What you will do: Without including any pictures, copy every line below exactly.

The data:
■ ■ ■ ■ ■

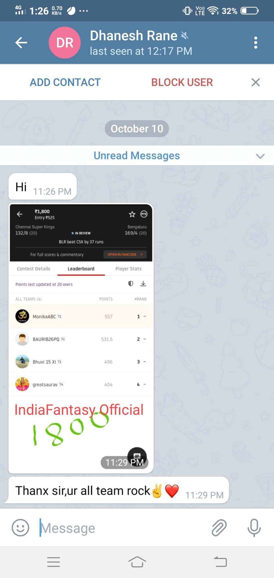 Doubleheaders in IPL are a chance to double your winnings or profit. But only if you have subscribed to IndiaFantasy Official Telegram Channel. Like the previous doubleheader, this one too was a mega one in terms of winnings and profits. All our teams performed exceptionally well in all four matches over the weekend and here’s the proof of it.
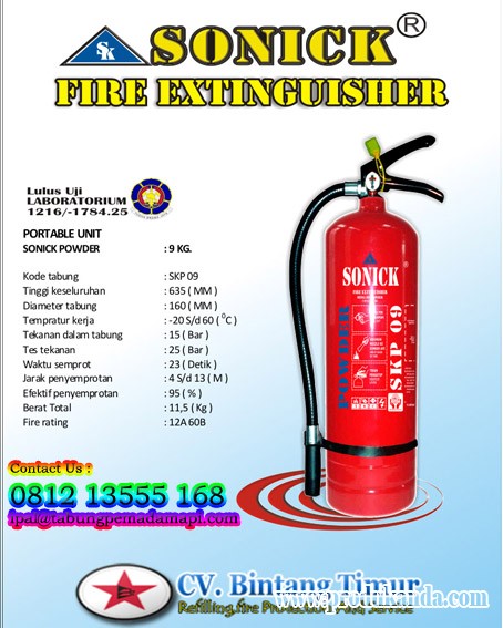 ALAT PEMADAM API MERK SONICK ® DENGAN ISI SERBUK KIMIA KERING 9 Kg
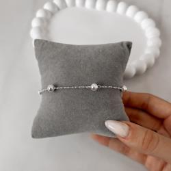 Pulseira corrente cadeado com 5 bolas 6mm | Mya Prata
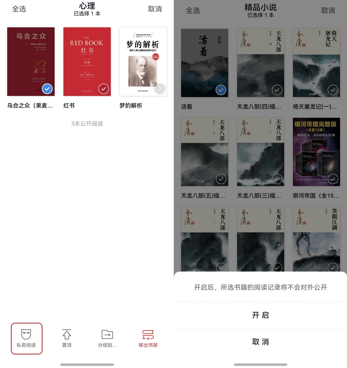很多人书架里收藏了几百本书,想找一本得翻半天,有些书还不想被别人看到阅读记录,这次更新一次性把这些问题都解决了:

■ ■ ■ ■ ■

Solution to this problem:
 Doubleheaders in IPL are a chance to double your winnings or profit. But only if you have subscribed to IndiaFantasy Official Telegram Channel. Like the previous doubleheader, this one too was a mega one in terms of winnings and profits. All our teams performed exceptionally well in all four matches over the weekend and here’s the proof of it.
 ALAT PEMADAM API MERK SONICK ® DENGAN ISI SERBUK KIMIA KERING 9 Kg
 Pulseira corrente cadeado com 5 bolas 6mm | Mya Prata
很多人书架里收藏了几百本书,想找一本得翻半天,有些书还不想被别人看到阅读记录,这次更新一次性把这些问题都解决了:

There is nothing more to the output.